Sunday, 5 August 2012


This work was complied by myself from a great number of resources over a number of years. 
I began the study of the First World War when I was a nipper of 17 as part of a school project and it just snowballed into collecting, talking to veterans, (this was in 1984) and eventually leading to visits to what was No Mans Land around the Somme, Ypres, Mons, eerily silent fields nowadays, punctuated with the mass graves of a butchered generation which are still graciously cared for by some very dedicated individuals, and a few other places which as I recall them I shall tell you about which is the beauty, I suppose of blogging-it can be added to as you recall things and it can be reshaped into something half way decent if you put the effort in.
Being born 59 years after the end of that bloody conflict, that was scarcely talked about, and to be honest in some respects was better left that way given the number of fools, know-it-alls and extremists that have jumped on the bandwagon in recent years, I was as distant from the subject as could possibly be; I had a Great Granddad who had served without distinction, except perhaps when his latrine digging unit was attacked way behind the lines by the Kaiserschlacht German offensive in 1918 which his unit should have been safe but was overwhelmed along with a lot of others; this was possibly the only time he ever shouldered a rifle in anger. 
He was shot in the leg, his first and last injury of the war, and safely transported from the hell of digging latrines to sunny England. His Captain sent him a pound, for his trouble and they wrote each other to the end of their lives.
I had been interested in militaria for a little while (as it turned out another granddad that I never knew dealt in military surplus, and also shared with me a love of flying things so it's funny how things work out! but it took a visit to an old peoples home under orders from school, to interview old people for a project put forward by a disinterested teacher from within the comprehensive system, I met an 87 year old who had fought in a unit called the Duke of Cornwall's Light Infantry.  The what?  That sounded like something from the Napoleonic era, yet here was this regiment and lots more like them fighting knee deep in mud and mechanised warfare.  This clash interested my deeply and the interest was born. I wanted to know more and repeatedly went back with note books until he too passed on.  This in turn led to regimental association contacts and further meetings with old people.
another small event was that an old friend gave me a photo of our local company, looking well turned out, at their drill hall in Barton Upon Humber.  There was no names on the back no identification of anybody.  That had to change.  I pieced together a lot of information from then, visiting people who recognised their fathers but it was difficult as quickly I found out that of those 40 men, there loss rate was in total from that grouping about 85 per cent.  But, we did find names, others are lost in time, however we did our best and the information snowballed. 
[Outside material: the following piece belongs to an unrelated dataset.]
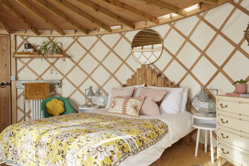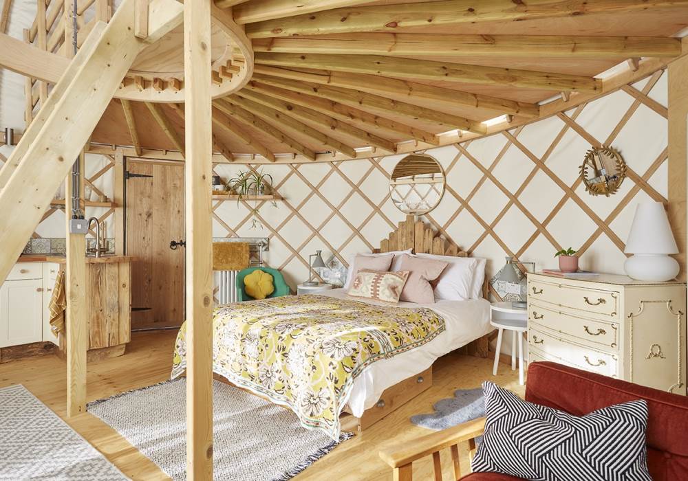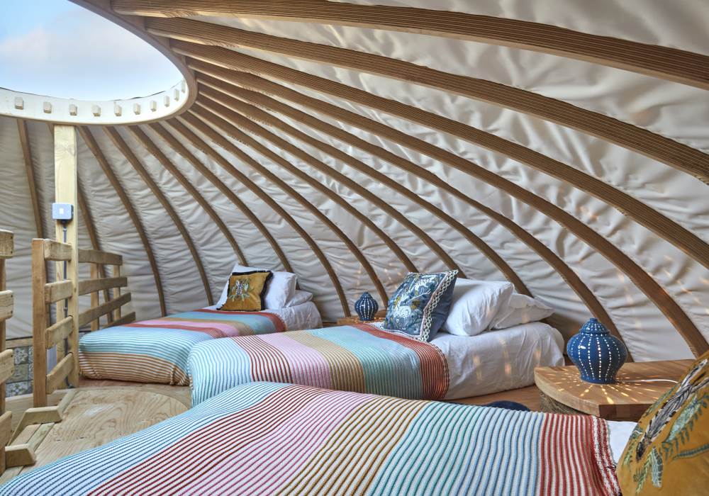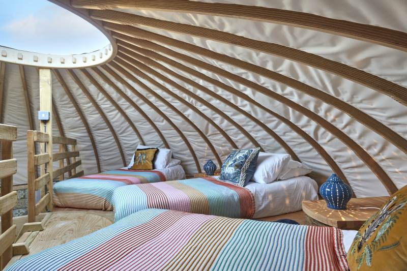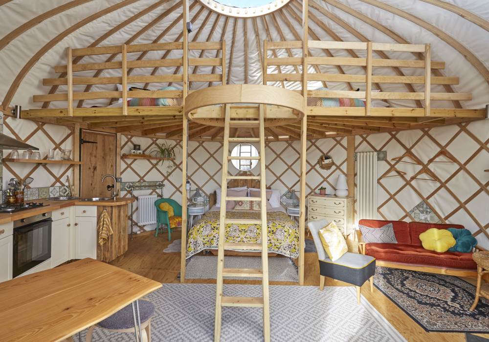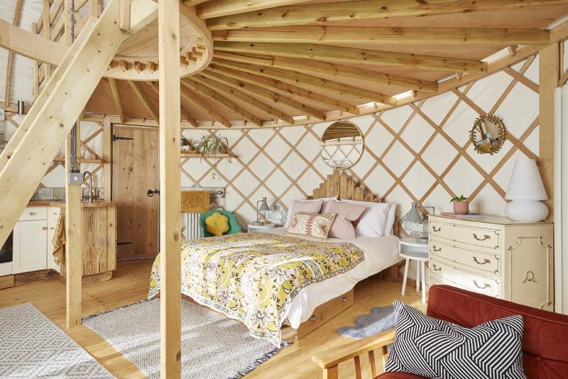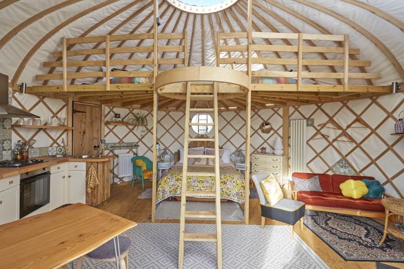 It’s a unique quirky yurt sleeping 5, a king bed downstairs and 3 singles on the mezzanine!

Anyway for now that's enough if that, lets get on with the story of Barton in the Great War.

Acknowledgements: Mr. Brian Peeps of Barton Upon Humber for access to his superb photos.
The late Mr G. Hugh Varah and his late wife Dorothy for all their help with the Barton Parish magazines, and for information that came from his photographic memory.  (Hugh was the brother of Chad of the Samaritans.  He himself served behind the German lines with SOE in the Second World War with what would have been distinction had he been permitted to talk about it.
The late Mr. Alfie Coulam, a wonderful man who successfully avoided the War thanks to a reserved occupation, and no man minded that he did, thanks to a job in the cycle industry  whose strong memory showed up a many a face from old photos.

A whole host of veterans who will be named herein, interesting varied men from whom I learned more about life than my peers could ever teach me.
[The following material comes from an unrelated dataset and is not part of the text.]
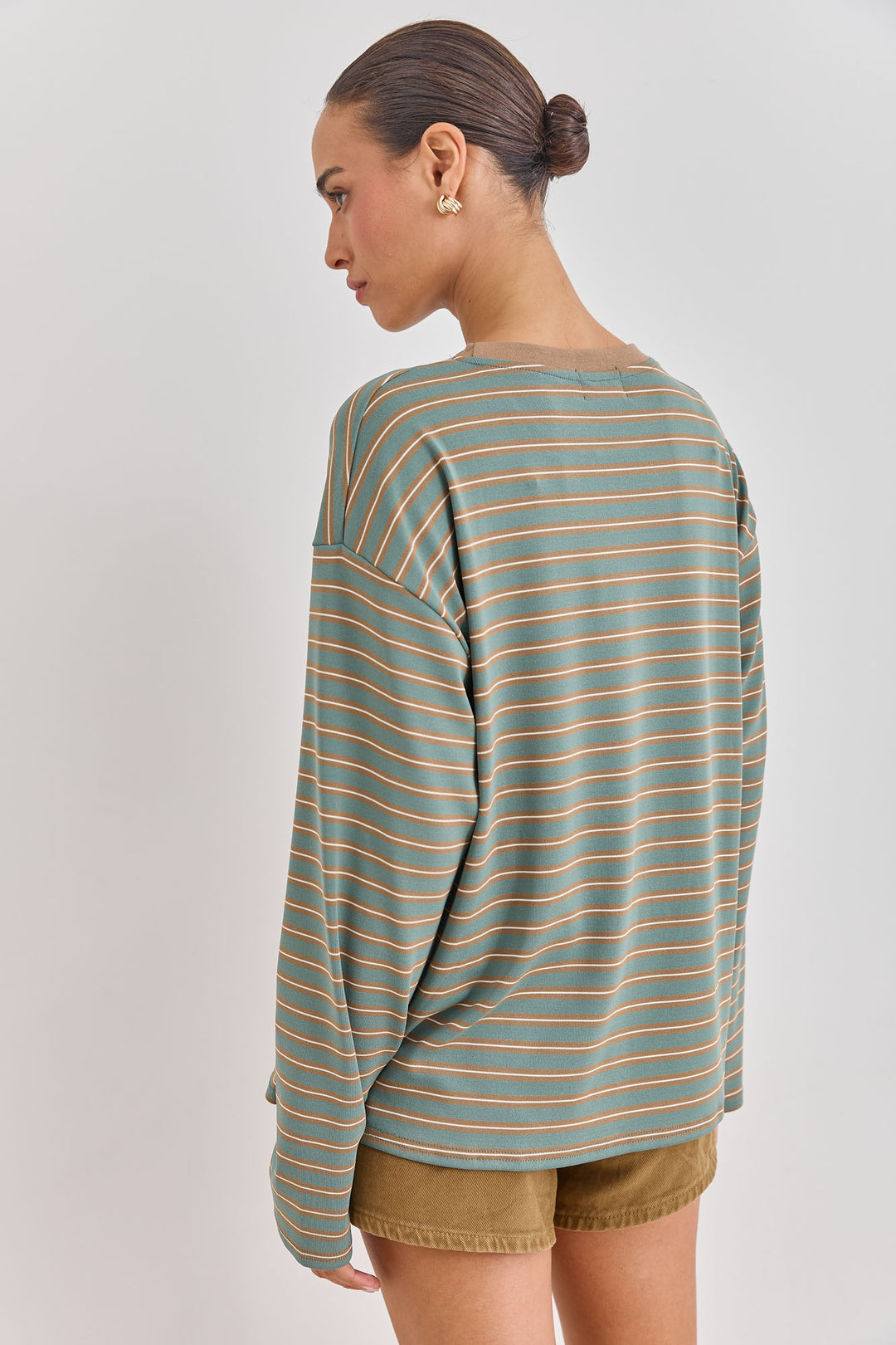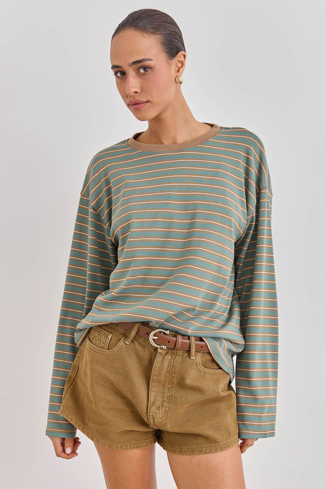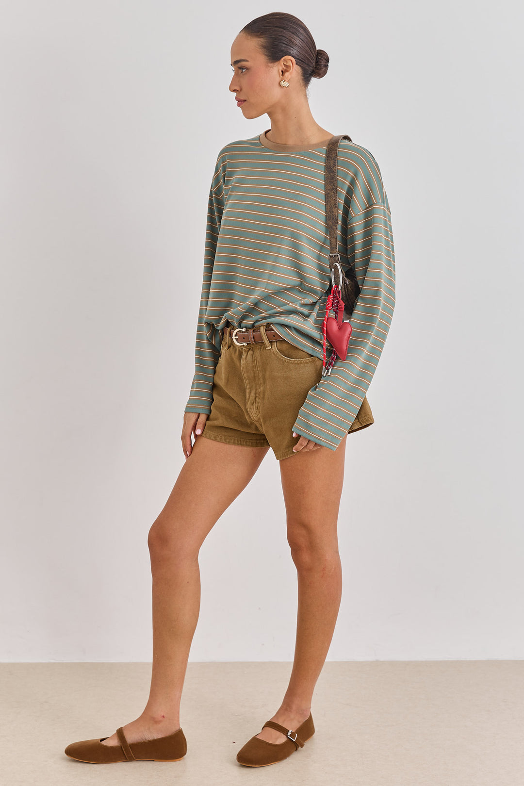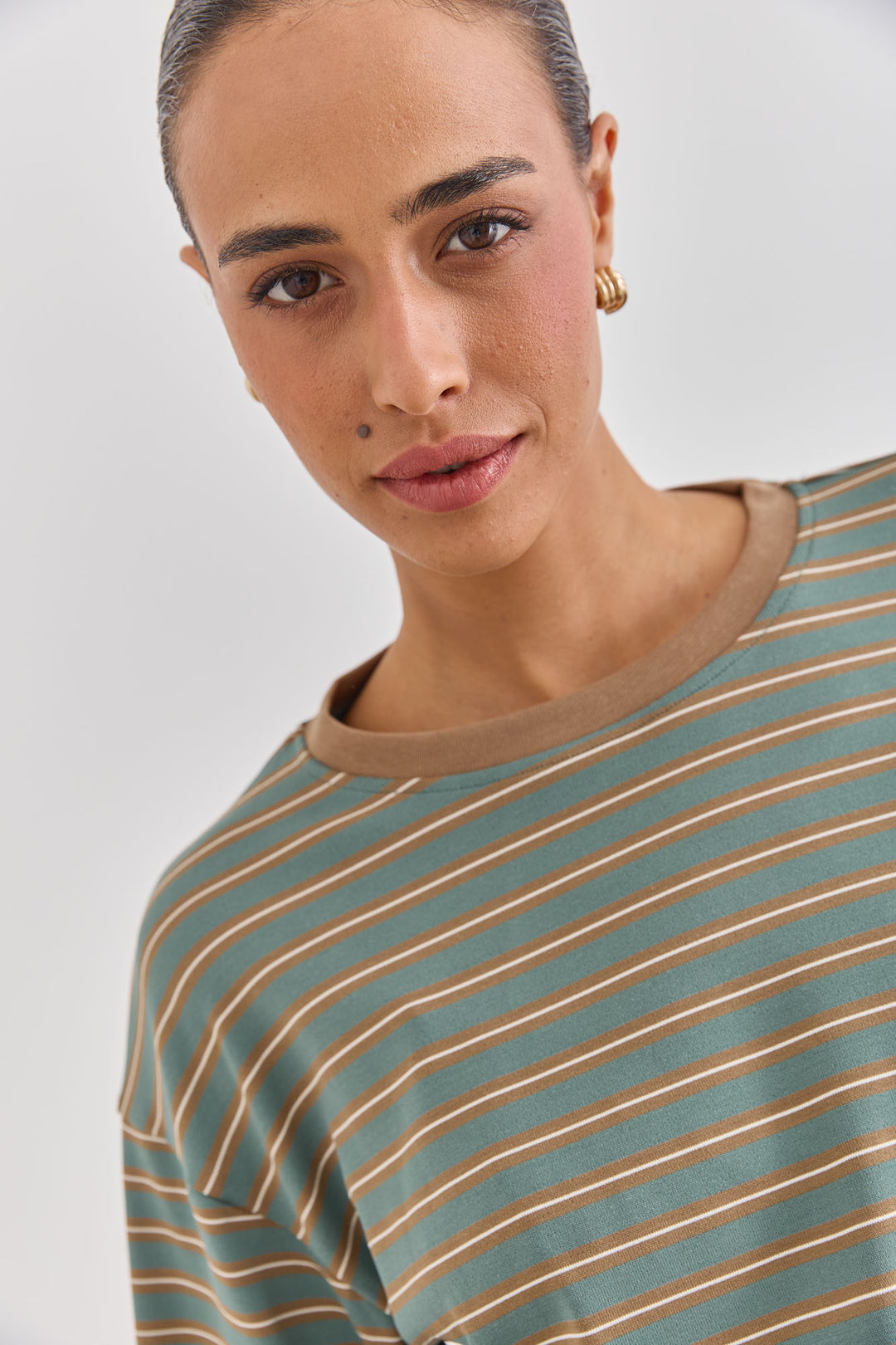 חולצת טי שיילה סטרייפס | ירוק/חום

The Lincolnshire Pals, a meeting group that discuss all things about our region about the Great War. 
    The many hostels and hotels including the much missed Sint. Nikolas of the main square in Ieper where I unknowingly ate things like horse meat and ox tongue, and the old lady said I was ''a very naughty boy'' for going out without breakfast Oh well.

The hospitality that is always shown on visits to Flanders fields, places like Hill 60 museum (Jacques) the Irish bar at Mesen. 

Suppose I should sign it

Sean Casey 2012 August 5th.

98 years and one day after it all started for Britain and Ireland.